そもそも同社設立に至った経緯は、昭和30年代頃、青年団活動の一環として行われていた農村復興の勉強会で農山村の将来や地域復興の夢について、熱く語り合っていた当時の青年達が一度はそれぞれの職場に就職し、それぞれの地位を築き上げながらも、過疎化の進む小川村の行く末に強い危機感をいだき、それぞれの職場での地位を捨てて、長い年月を経て蓄えた知識や技術を持ち寄って、7人の中心メンバーにより設立したものである。

特に、商品開発に関しては、設立当初から、商品に付加価値がなければ、大量生産・大量消費の現在においては生き残れないと考え、地元ならではの農作物を加工した農産加工品を主力商品としている。

このため、「この地方に住む高齢者が若い頃から当たり前にしていたこと(食生活)」を商品づくりの基本的な考え方に据えて、従業員である高齢者自らが掘り起こし・提案した商品を製品化することにより、商品に磨きをかけている。

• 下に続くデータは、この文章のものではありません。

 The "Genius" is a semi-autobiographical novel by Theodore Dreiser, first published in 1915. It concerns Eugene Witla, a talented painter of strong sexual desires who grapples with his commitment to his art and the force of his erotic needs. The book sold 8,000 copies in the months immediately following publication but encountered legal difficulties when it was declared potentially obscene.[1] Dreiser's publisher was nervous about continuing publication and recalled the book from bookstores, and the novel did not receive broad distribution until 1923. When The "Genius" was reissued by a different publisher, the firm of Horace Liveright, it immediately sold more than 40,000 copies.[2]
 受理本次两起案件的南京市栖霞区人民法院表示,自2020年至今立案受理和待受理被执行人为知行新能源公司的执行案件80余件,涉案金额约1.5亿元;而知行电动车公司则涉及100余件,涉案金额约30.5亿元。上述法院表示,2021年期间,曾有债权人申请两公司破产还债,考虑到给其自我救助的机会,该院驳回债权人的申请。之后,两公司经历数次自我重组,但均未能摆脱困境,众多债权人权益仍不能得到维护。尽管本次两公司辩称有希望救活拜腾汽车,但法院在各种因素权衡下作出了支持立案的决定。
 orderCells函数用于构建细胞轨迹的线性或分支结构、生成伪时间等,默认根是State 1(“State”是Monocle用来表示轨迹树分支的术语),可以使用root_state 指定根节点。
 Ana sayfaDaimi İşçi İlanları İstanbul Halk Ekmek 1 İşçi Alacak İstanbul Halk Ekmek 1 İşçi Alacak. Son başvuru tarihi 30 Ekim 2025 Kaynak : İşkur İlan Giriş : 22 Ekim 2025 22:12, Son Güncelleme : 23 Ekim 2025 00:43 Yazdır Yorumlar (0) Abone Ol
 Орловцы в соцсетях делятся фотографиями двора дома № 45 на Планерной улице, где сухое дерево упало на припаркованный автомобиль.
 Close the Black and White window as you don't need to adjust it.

「自分たちが提案したものが商品化され、それを取り上げたマスコミ等の取材を受けることにより、それがまた従業員である高齢者の自信やはりあいとなっている。」と伊藤取締役統括総務部長は話す。

さらに、信州西山地域の郷土食であった「おやき」を商品化し、日本各地の物産展のみならず、海外のイベントにも積極的に参加していくことにより、「これまであまり村から出ていかなかった従業員である高齢者が、村を出て行くことにより、開放的な性格になっていき、イベントを成功させることにより、確かな自信につながっている。」(伊藤部長)。

また、同社の特徴の一つとして、高齢者に配慮した分散型の拠点づくりがあげられる。

集落部の空家等の遊休施設を借り受け、「歩いて畑に通うような感覚で」通える拠点を村の中に複数拠点設けることにより、高齢になっても長く働き続ける工夫を行っている。

一般的に、分散型の拠点づくりは、コスト面ではマイナスであると考えられるが、同地域のような一定の条件下においては、地域雇用の観点から必要と考えられ、結果から見ても、同社においては、(1)高齢者雇用→(2)高齢者の知識・経験の活用→(3)付加価値のある商品開発→(4)需要の増加→(5)事業拡大による雇用の創出というサイクルがうまく機能している。